- WHAT THIS TASK INVOLVES -
With the pictures left out, transcribe exactly the lines from the one with "Обратная сторона теннисного" through the end of the data.

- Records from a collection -
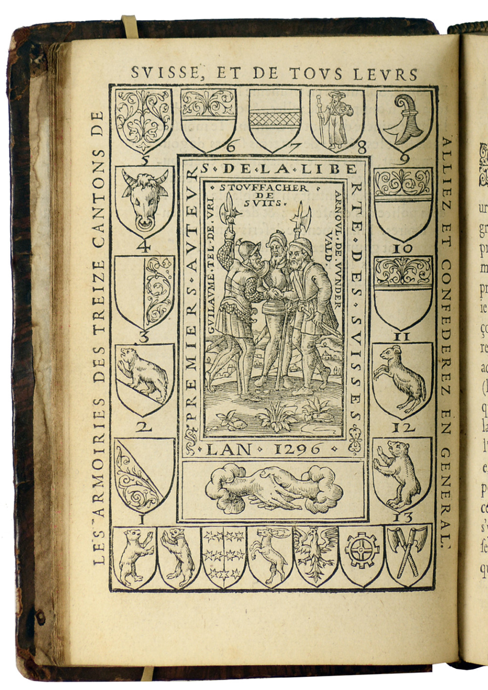 Adams, S 1169. Brun, 295. Seconde édition de la traduction française du De Republica helvetiorum (1576) du savant zurichois Josias Simler. La traduction est communément attribuée à Innocent Gentilet et fut imprimée pour la première fois en 1577 à Genève. Ouvrage illustré d'une planche d'armoiries encadrant une représentation du serment du Grütli, hors-texte, et de 13 grandes vignettes gravées sur bois dans le texte représentant les vues des grandes villes suisses : Lucerne, Zurich, Glaris, Zug, Berne, Fribourg, Soleure, Bâle, Schaffouse, Appenzell, Uri, Unterwald. Théologien et géographe suisse Josias Simler (1530- 1576), a enseigné l'exégèse biblique à Zurich. "Son traité historico-gouvernemental sur la Suisse (publié pour la première fois en latin en 1576), avec lequel (il) a contré les préjugés monarchistes contre la Suisse républicaine, a façonné la vision de la Confédération suisse parmi les peuples instruits d'Europe jusqu'au 18e siècle" (H. U. Bächtold dans NDB 24, 420/421). Ouvrage rogné court en tête. Ex-libris au timbre humide et annotation ancienne sur la page de titre.
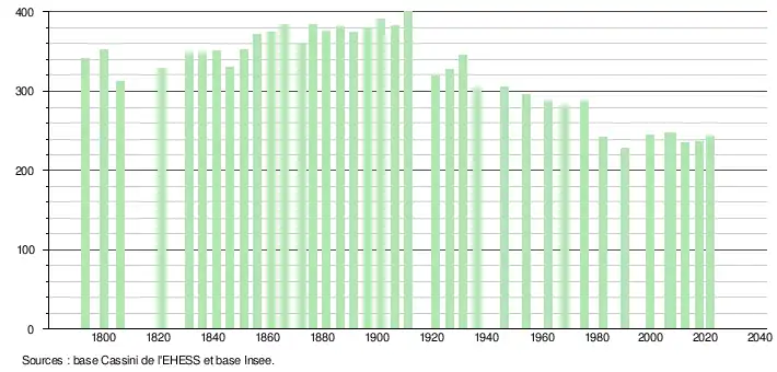 L'évolution du nombre d'habitants est connue à travers les recensements de la population effectués dans la commune depuis 1793. Pour les communes de moins de 10 000 habitants, une enquête de recensement portant sur toute la population est réalisée tous les cinq ans, les populations légales des années intermédiaires étant quant à elles estimées par interpolation ou extrapolation[20]. Pour la commune, le premier recensement exhaustif entrant dans le cadre du nouveau dispositif a été réalisé en 2007[21].
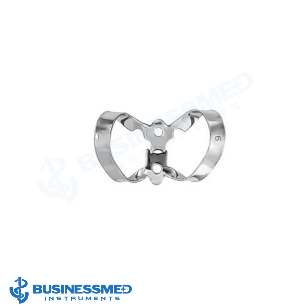 The Clamp 6 from Businessmed Instruments is a high-precision rubber dam clamp specially designed for isolating anterior teeth, particularly during labial caries procedures and aesthetic restorations. Its winged configuration makes rubber dam placement quick and secure, providing optimal access and dry-field isolation in the anterior segment.
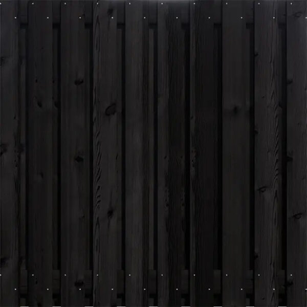 Deze zwart grenen schutting bestaat uit 21 schuttingplanken, waarvan 10 aan de voorzijde en 9 aan de achterzijde. Daarnaast heeft het scherm 2 tussenklampen. Het aantal planken zorgt voor een weinig doorkijk wat betekent dat de houten schutting wel doorkijk heeft, maar zeker ook voor privacy zorgt. Dit scherm is RVS geschroefd, waardoor deze indien gewenst eenvoudig op maat gemaakt kan worden.
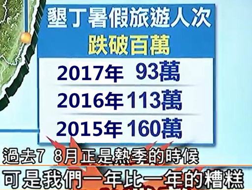 以墾丁為例,其原本是“暑期游”的大熱之地,可是近兩年的情況一年比一年糟糕,今年的暑期旅游人次更是跌破了百萬大關。
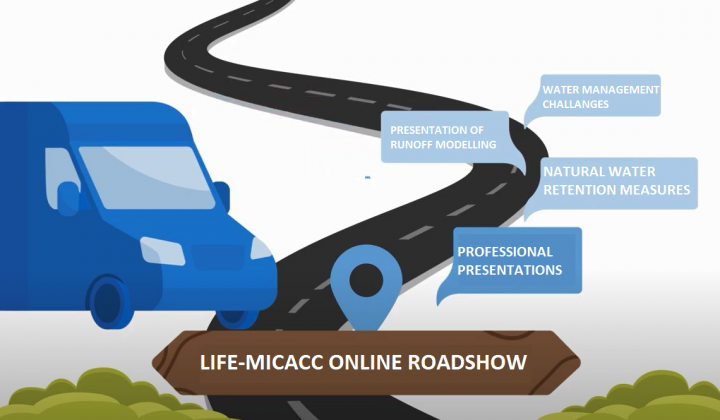 The aim of the online roadshow is to present the achievements of PANNON Pro Innovation Services Ltd. and the partner municipalities in the LIFE-MICACC project, to briefly describe the impact of climate change on municipalities and local farmers, to show alternatives for the use of small-scale natural water retention measures and to promote the application developed for stakeholders.
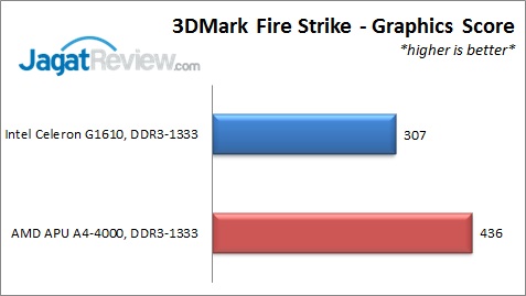 Sesuai dugaan, GPU terintegrasi milik AMD memberikan skor jauh diatas solusi GPU milik Intel. Namun, seperti yang terlihat pada benchmark Cinebench R11.5, Intel Celeron G1610 nampak unggul pada Physics Test, yang berfokus pada CPU.
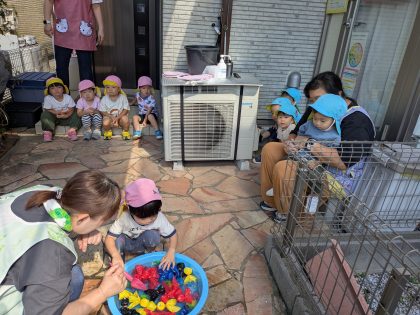 ⤵の写真 たんぽぽ組のお友達は、ここで待機(^o^) 順番に金魚などをすくいます^_^
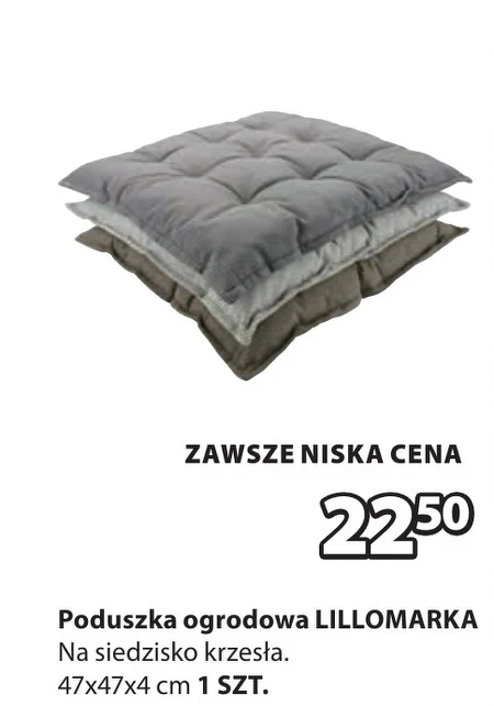 Poduszkę ogrodową LILLOMARKA kupisz w Jysk za 22,50 zł za sztukę. Produkt przeznaczony jest na siedzisko krzesła i ma wymiary 47x47x4 cm. Poduszka ta zapewni komfort podczas odpoczynku na świeżym powietrzu, a jej praktyczny rozmiar sprawia, że pasuje do wielu rodzajów krzeseł ogrodowych. Warto skorzystać z tej okazji, aby stworzyć przyjemną atmosferę w swoim ogrodzie. Oferta ważna od 2026-04-22 do 2026-05-10 Źródło: gazetka Jysk
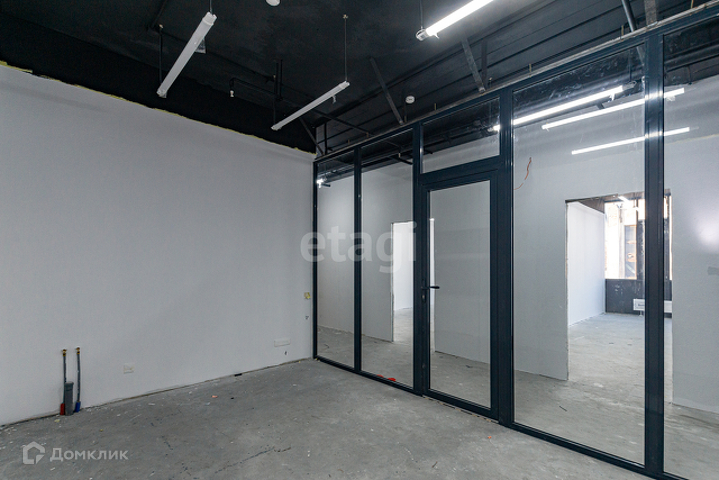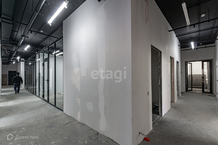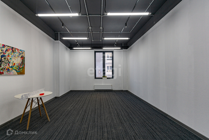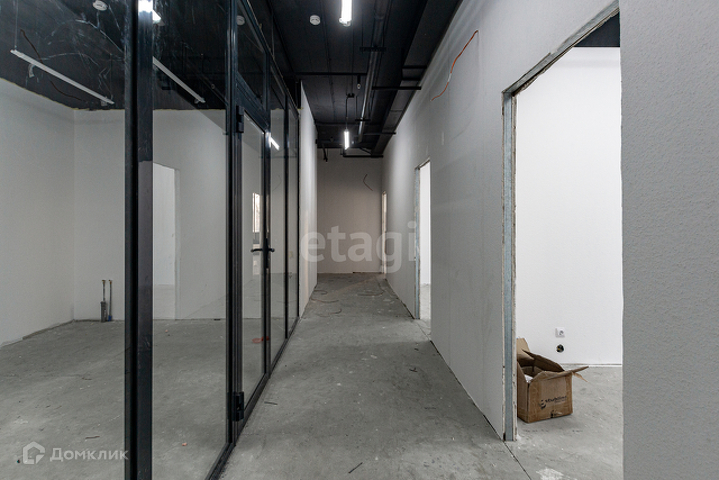 Чистовая отделка, потолочное освещение, напольное покрытие ковролин, алюминиевое витражное остекление, имеется вывод под мокрую точку.
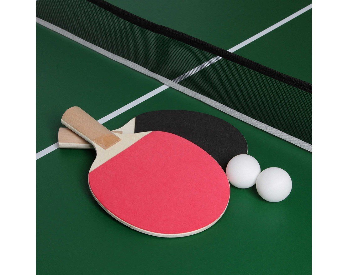 Обратная сторона теннисного игрового поля имеет ламинированную поверхность и может быть использована как столешница письменного или обеденного стола, а также как основание для всех дополнительных игр комплекта.
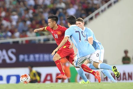 Trong khi đó với nỗ lực không biết mệt mỏi của mình, Việt Nam cũng được đền đáp xứng đáng bằng bàn thắng muộn màng rất đẹp mắt của Văn Quyết ở phút 90. Ở tình huống này, nhận đường chuyền dài của Chí Công, Văn Quyết đã khôn khéo cài người vượt qua hậu vệ Man City rồi tâng bóng kỹ thuật qua người Caballero giúp Việt Nam có bàn thắng danh dự.
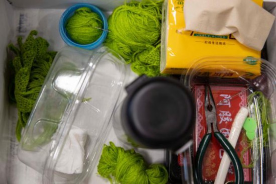 童杏花每天早上7點從家里出發,乘坐公交車一個半小時才到婦女兒童中心。她已經來這里“上班”2個多月。編織是童杏花的愛好,退休后她在社區擔任巧手媽媽發起人,給居民上編織課。四年前,她生了一場大病,目前正在恢復階段!霸炯依锶耸欠磳ξ襾淼,擔心我身體吃不消,但我喜歡和大家一起干活,覺得還能發揮一點價值,我很開心!

- ANSWER TO THIS PROBLEM -
 Обратная сторона теннисного игрового поля имеет ламинированную поверхность и может быть использована как столешница письменного или обеденного стола, а также как основание для всех дополнительных игр комплекта.
 Trong khi đó với nỗ lực không biết mệt mỏi của mình, Việt Nam cũng được đền đáp xứng đáng bằng bàn thắng muộn màng rất đẹp mắt của Văn Quyết ở phút 90. Ở tình huống này, nhận đường chuyền dài của Chí Công, Văn Quyết đã khôn khéo cài người vượt qua hậu vệ Man City rồi tâng bóng kỹ thuật qua người Caballero giúp Việt Nam có bàn thắng danh dự.
 童杏花每天早上7點從家里出發,乘坐公交車一個半小時才到婦女兒童中心。她已經來這里“上班”2個多月。編織是童杏花的愛好,退休后她在社區擔任巧手媽媽發起人,給居民上編織課。四年前,她生了一場大病,目前正在恢復階段!霸炯依锶耸欠磳ξ襾淼,擔心我身體吃不消,但我喜歡和大家一起干活,覺得還能發揮一點價值,我很開心!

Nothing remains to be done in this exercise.